На рассвете пишу в дневнике:
«Стараюсь избегать скороспелых выводов, однако ясно: Василию не лучше, Трофим невменяем, и я по отношению к нему начинён подозрительностью, ужасной подозрительностью. Помощи, видимо, ниоткуда не дождаться. Надо плыть. Любой ценой выиграть время, иначе больным уже не нужны будут ни врачи, ни лекарства. Но как плыть с больными одному на плоту по бешеной Мае? Знаю, это безумство, но нужно рискнуть. Иду на это сознательно. Утром отплываем. Хорошо, если это не последние строки».
Бросаю в воду вёсла, вытесанные Трофимом, иду с топором в лес.
СХВАТКА НА ПЛОТУ
Снова в путь. Стычка у кормового весла. Ещё один перекат. В небе лоскуток серебра.
Возвращаюсь на табор настороженным. Трофим заботливо кормит Василия, уговаривает того съесть тушонки. Вот и хорошо. Но я не могу освободиться от подозрительности.
Утро сдирает с угрюмых скал ночной покров, обнажая глубину каньона. Где же кулички — предрассветные звонари? Почему молчат лесные птицы, не плещется на сливе таймень? Неужели и это утро не принесёт нам облегчения! Какой ещё дани ждёт от нас Мая?

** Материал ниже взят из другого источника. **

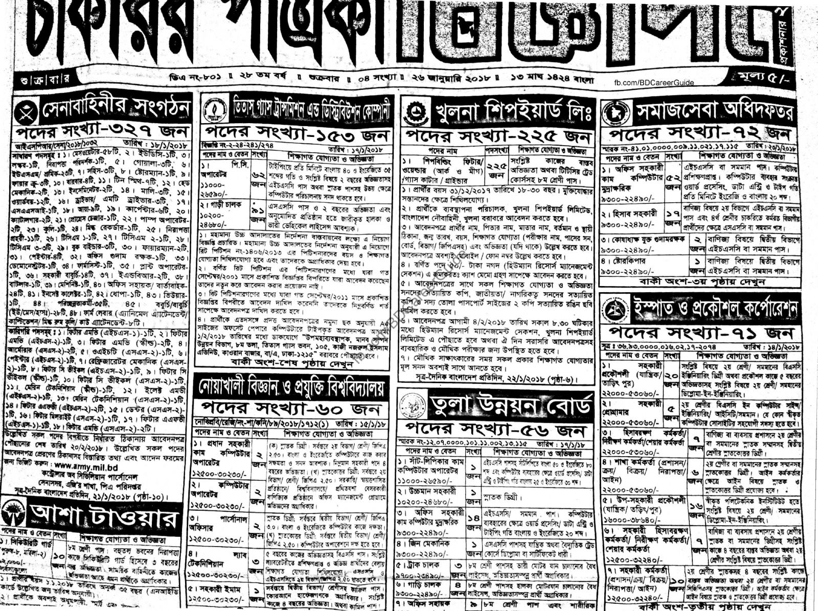 ২৬ জানুয়ারী ২০১৮ ইং চাকরীর পত্রিকা

Река угрожающе шумит в отдалении. Теперь меня тревожит вопрос: что делать с Трофимом — доверить ему корму или нет? Это надо решить до отплытия. Вот когда мне нужен был бы Василий!
Небо хмурое, холодное, подбитое свинцовой рябью облаков. Я укладываю багаж. Трофим налаживает вёсла. Вижу, он не может сообразить, как подогнать их к рогулькам. Нет, не тот Трофим.
Плот готов к отплытию. Мы переносим Василия Николаевича вместе со спальным мешком. Устраиваем ему повыше изголовье. Собаки, не ожидая команды, занимают места На опустевшей галечной косе догорает костёр. С болью и тревогой я покидаю берег. Нехорошее предчувствие уношу с собою на реку. Собираю остатки мужества. Становлюсь на корму, беру в руки скошенный край весла.
— Отталкивай! — кричу я Трофиму.
— А почему вы на корме? — удивляется он.
— Сегодня моя очередь, иначе с тобою никогда не научишься управлять плотом, — отвечаю я спокойно, стараясь ничем не выдать себя.
— Тут не место учиться, тем более, что с нами больной Василий. Переходите на нос. — И он, поднявшись на плот твёрдой поступью человека, уверенного в своей правоте, берётся за весло рядом с моими руками.
Мы стоим почти вплотную друг против друга, крепко сжимая весло. Оба молчим. Оба неуступчивые, как враги. Я ловлю его взгляд. В нём что-то дикое, вдруг напомнившее мне того хромого беспризорника, что с финкой в руке защищал Хлюста. Сделай сейчас какой-то жест, брось одно неосторожное слово — и случится ужасное. Таким я его не видел с тех первых дней нашей встречи.